The marital spat between Netflix and the Internet service providers (ISPs) that support the popular video streaming and rental service has been strained for some time. Maybe Netflix hadn’t been doing the dishes, or they were having some trouble in the bedroom, but ISPs took it to another level when they accused Netflix of clogging up the Internet with their instant view streaming service. Netflix has now responded by vowing to release the information it gathers on ISP speeds every month from their blog. It’s the equivalent of your significant other announcing that they have compiled a list of everything you have done wrong, and will be telling all your friends.
What this means to consumers is that they finally have a carefully compiled report card for their ISPs, who do not generally release this kind of information. While everyday Internet users like you and me can use online tools to find out their individual speeds, that data has never been available in such a comprehensive manner, nor from so large a data set.

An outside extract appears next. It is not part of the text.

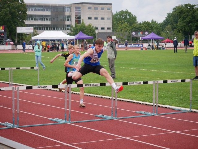 Den Abschluss der Bayerischen Titelkämpfe bildete am letzten Juli Wochenende die Altersklasse U16 in Ingolstadt. Jonathan Federle vom TSV Rain setzte dabei an beiden Tagen das gesamte Trainerteam ins Staunen. So steigerte er sich bei den M15 im Weitsprung um 45 Zentimeter und erreichte somit am ersten Tag der Meisterschaft mit 6,15 Meter den gleich den ersten Titel. Am Folgetag startete er in der Favoritenrolle über die 300Meter Hürden und bewies Nervenstärke. So pulverisierte er regelrecht den bestehenden LG Rekord und verbesserte auf der anstrengenden Strecke seine Zeit um 2 Sekunden. Mit 41,60 sec konnte er den nächsten Titelgewinn feiern. Der Abschluss bildete dann für ihn der Vor- und Endlauf über die 80mHürden. Trotz der Vorbelastung hatte er noch genügend Energie und lief in beiden Läufen mit 11,09sec erneut Bestleitung. Danach konnte er die Silbermedaille in Empfang nehmen.

Of course, it all comes back to money. Netflix and a middleman company Level 3 are currently being asked to pay quite a bit more to push data through to customers, which Netflix believes is violating the spirit of Net Neutrality. In addition to the passive aggressive move of posting this information, Netflix has also aired their grievances with ISPs in a letter to the company’s shareholders. From the Washington Post:
On Wednesday night, Netflix CEO Reed Hastings waded into the debate for the first time, writing in a letter to shareholders that it is “inappropriate” for ISPs to charge more for traffic to reach customers. Hastings said that even if 20 percent of all peak bandwidth is used by Netflix streaming video, the firm is paying for its traffic to reach ISPs who then deliver traffic to homes. Cable and telecom firms are using their exclusive access to customers to unfairly charge networking partners more, the firms said.
Right now, Netflix looks like the underdog. Consumers love paying next to nothing to watch movies whenever they want, and hate to pay through the nose to their ISPs. It’s a bold move on Netflix’s part to play to that discontent and give users information on exactly how well their ISPs are performing. Of course, Netflix stands to make a lot of money by keeping their operating costs low, and avoiding having to raise user costs. Whether a sincere devotion to the free and open premise of Net Neutrality is really at work here is yet to be seen.
Now if you’ll excuse me, I need to watch Cool World on Netflix. Just because I can.